■ **WHAT TO PRODUCE**:
Give the data again in full, without pictures.

■ **RAW DATA**:
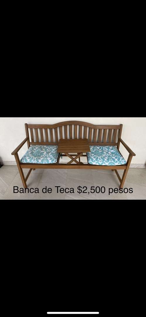 Hermosa Banca de Teca SIN cojines. (Los cojines se venden aparte) Comprador recoge mercancía.
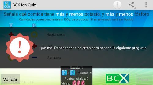 BCX Ion Quiz es una aplicación pensada para los pacientes enfermos del riñón, para que aprendan a saber distinguir qué alimentos contienen más o menos fósforo.
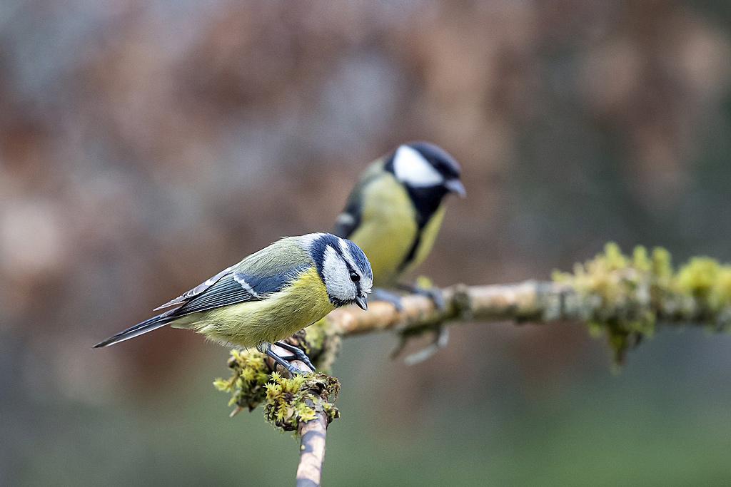 En voici une, au premier plan, partageant son perchoir avec sa cousine, la mésange charbonnière.

■ **TASK RESULT**:
 Hermosa Banca de Teca SIN cojines. (Los cojines se venden aparte) Comprador recoge mercancía.
 BCX Ion Quiz es una aplicación pensada para los pacientes enfermos del riñón, para que aprendan a saber distinguir qué alimentos contienen más o menos fósforo.
 En voici une, au premier plan, partageant son perchoir avec sa cousine, la mésange charbonnière.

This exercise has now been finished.